Opposition and States Raise Concerns

While the central government has presented the proposal as a festival “gift,” states like Punjab remain skeptical. Cheema accused the Centre of failing to fully compensate states for GST-related revenue losses. “Punjab has received ₹60,000 crore so far, but we are still owed another ₹50,000 crore,” he alleged.

Critics argue that although GST was introduced as a “one nation, one tax” reform, states have lost significant financial autonomy, especially in revenue-heavy sectors. Many opposition-led states continue to demand compensation mechanisms and greater flexibility in rate-setting.


A Brief History of GST in India

The GST was rolled out at midnight on July 1, 2017, replacing a complex web of central and state-level taxes with a unified system. It was promoted as India’s biggest tax reform, designed to simplify compliance and promote ease of doing business.

Initially, GST was divided into four main slabs: 5%, 12%, 18%, and 28%, with some special rates such as 3% for gold and precious stones, and 1% for small-scale items. Essential goods like food items, fertilizers, coal, and railway economy travel fall under the 5% slab, while luxury items like high-end vehicles, ACs, refrigerators, and tobacco attract 28%.

Over the years, the Council has revised GST rates more than 25 times, often reducing rates for consumer goods under political and public pressure.


How GST Rate Changes Are Decided

The GST Council, comprising finance ministers from the Centre and states, decides on rate changes. Proposals require more than 50% of the votes to pass, with each state having one vote. However, critics note that the Centre’s larger influence often ensures its proposals move forward.

Former Jharkhand Finance Minister Rameshwar Oraon explained that states have limited powers within GST. “We cannot control GST rates, except on petrol, diesel, and liquor, which remain outside GST. These are crucial for state revenues, so states are reluctant to surrender them,” he said.

This lack of flexibility has fueled opposition criticism that GST is more complex than promised and reduces state autonomy.
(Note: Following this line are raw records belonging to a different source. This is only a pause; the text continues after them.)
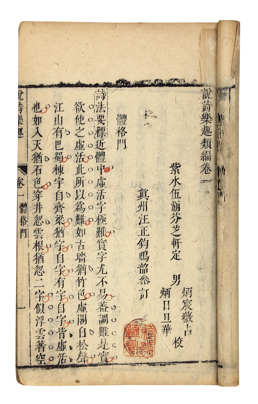 是书为竹纸印本,书前有毛际可序,后为伍涵芬自序,次汪正钧、朱庭柏序。此书流传甚少,查《中国古籍善本总目》,仅北大等四家有藏。原书二十卷,拍品缺后二卷。
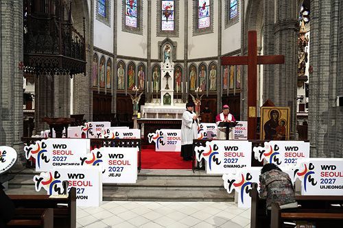 2027 서울 세계청년대회 조직위원장 정순택 대주교는 20일 오후 서울 명동대성당에서 열린 '세계청년대회 로고 조형물 축복식'을 통해 상징물 순례의 출발을 공식화했다.
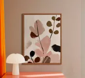 A graceful abstract composition of soft blush tones, earthy browns, and deep blacks, evoking the delicate forms of leaves and petals. This modern botanical study blends painterly gestures with a refined, contemporary palette — perfect for minimalist and organic-inspired interiors.
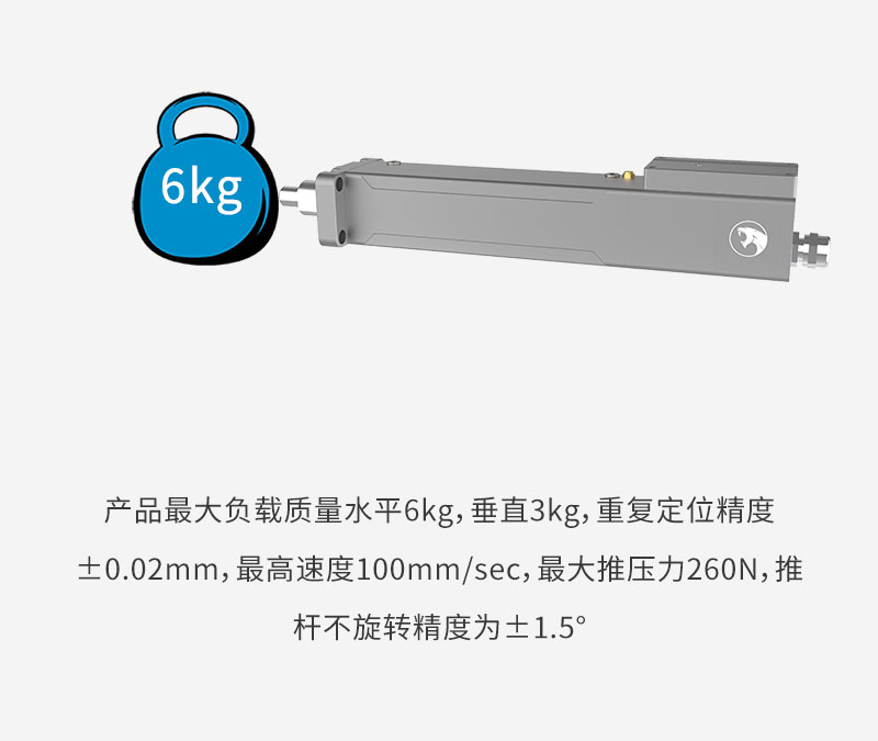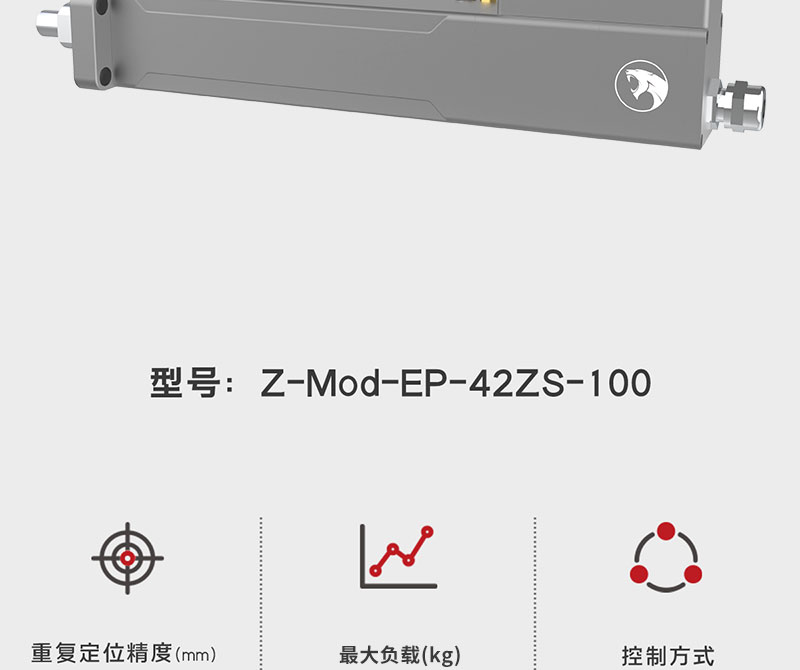 2023年1月6日 Lu, DongWu 智能電缸 0 Z-Mod-EP-42ZS-100 首頁 / 智能電缸 / Z-Mod-EP-42ZS-100 播放視頻 體積小、推力大 、高精度、性價比高驅(qū)動內(nèi)置,簡單易操作末端抗彎能力強力、位置、速度都可以通過Modbus精準(zhǔn)控制長壽命:千萬次循環(huán),超越氣缸控制方式:485、I/O、脈沖 下載3D模型 下載產(chǎn)品手冊 播放視頻 體積小、推力大 、高精度、性價比高驅(qū)動內(nèi)置,簡單易操作末端抗彎能力強力、位置、速度都可以通過Modbus精準(zhǔn)控制長壽命:千萬次循環(huán),超越氣缸控制方式:485、I/O、脈沖 下載3D模型 下載產(chǎn)品手冊 產(chǎn)品描述 資料下載 產(chǎn)品描述 Z-Mod-EP-42ZS-100 核心參數(shù) 2mm 260N? 導(dǎo)程 最大連續(xù)推壓力 100mm ? ? ? ? ? ? ? ? ? ? ? ? ±0.02mm 行程 ? ? ? ? ? ? ? ? ? ? ? ? ? ? ? ? ? ? ? ? ? ? 重復(fù)定位精度 *線框尺寸圖 規(guī)格參數(shù) 詳情 行程 100mm 導(dǎo)程 2mm 最大速度 100mm/s 最大連續(xù)推壓力 260N 最大負(fù)載質(zhì)量 水平:6kg / 垂直:3kg 重復(fù)定位精度 ±0.02mm 力控精度 ±10% 推桿不旋轉(zhuǎn)精度 ±1.5° 推桿末端允許力矩 二指平動 重量 1.5N·m 整機重量 1.5kg 尺寸規(guī)格 296*42*65mm 控制方式 I/O控制、485總線控制、脈沖控制(脈沖+方向) 工作電壓 DC24V±10% 額定電流 2A 峰值電流 6A 防護等級 IP40 使用環(huán)境 0~40℃,85% RH以下(不結(jié)霜) 資料下載 點擊下載產(chǎn)品手冊 點擊下載3D圖 點擊下載運動范圍圖 Z-Mod-EP-42ZS-100 核心參數(shù) 產(chǎn)品詳細(xì)參數(shù) 行程 100mm 導(dǎo)程 2mm 最大速度 100mm/s 最大連續(xù)推壓力 260N 最大負(fù)載質(zhì)量 水平:6kg / 垂直:3kg 重復(fù)定位精度 ±0.02mm 力控精度 ±10% 推桿不旋轉(zhuǎn)精度 ±1.5° 推桿末端允許力矩 二指平動 重量 1.5N·m 整機重量 1.5kg 尺寸規(guī)格 296*42*65mm 控制方式 I/O控制、485總線控制、脈沖控制(脈沖+方向) 工作電壓 DC24V±10% 額定電流 2A 峰值電流 6A 防護等級 IP40 使用環(huán)境 0~40℃,85% RH以下(不結(jié)霜) 產(chǎn)品詳情 相關(guān)產(chǎn)品
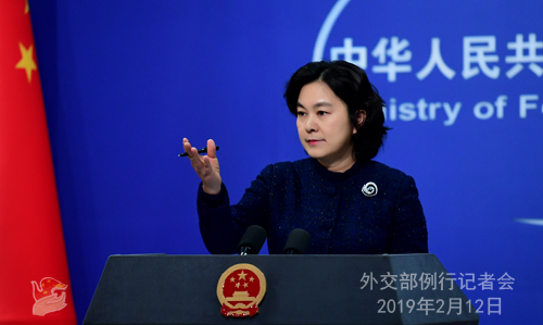 Foreign Ministry Spokesperson Hua Chunying holds a press conference in Beijing on Tuesday, February 12, 2019. [Photo: fmprc.gov.cn]
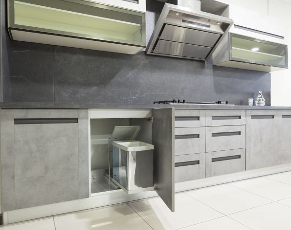 Aventos Açılım Sistemli Highgloss Kapaklı Gri Mutfak Dolabı Düşey Davlumbaz Örneği
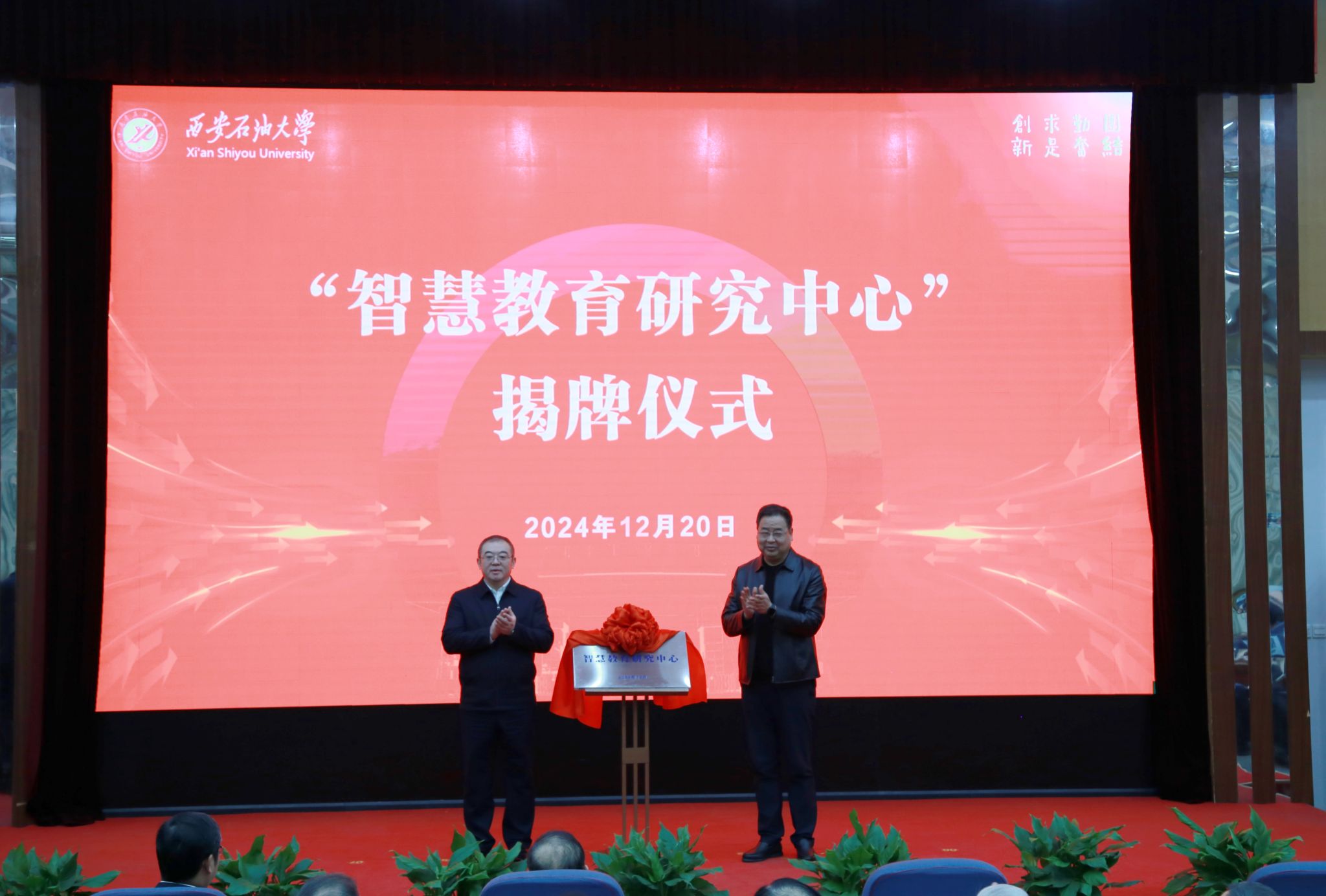 校黨委書記常江、陜西省教育廳教育信息化處處長李享陽共同為“智慧教育研究中心”揭牌。
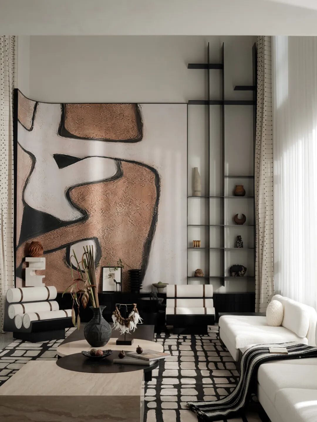 客厅在一抹流动熔岩的背景墙倾泻而来,这是自然的肌肤,也是当地的人文属性,设计以独有的交互逻辑,模仿西北苍茫大地的肌理,构建变幻的感知氛围,唤起从抽象转化到自然艺术的灵魂。
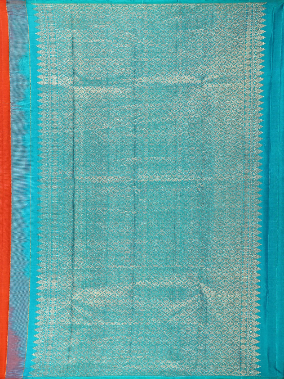 Indulge in the beauty of classic craftsmanship with this Light Orange Floral Design Kanchipuram Silk Saree. The saree features elegant floral woven motifs that add a touch of grace to the bright and joyful orange base, making it a perfect choice for festive and traditional occasions.

What Consumers Can Expect This Diwali

If approved, the upcoming GST reform will simplify India’s tax structure from four slabs to just two – 5% and 18%. This move could:

  1. Lower household expenses – from food items to electronic appliances.
  2. Boost insurance affordability – encouraging more families to opt for life and health coverage.
  3. Stimulate demand – as lower taxes make consumer goods more accessible, potentially supporting economic growth.

However, the impact on state revenues and the Centre’s ability to compensate them remains an open question.


Conclusion

India’s GST reform is poised for its biggest overhaul since its launch eight years ago. By reducing slabs and capping the highest rate at 18%, the government aims to deliver festive relief to households while simplifying tax compliance.

Whether this “Diwali gift” translates into long-term stability for consumers and businesses will depend on how effectively the Centre manages state concerns and ensures revenue balance. For now, citizens can look forward to a festive season with lighter bills and potentially brighter celebrations.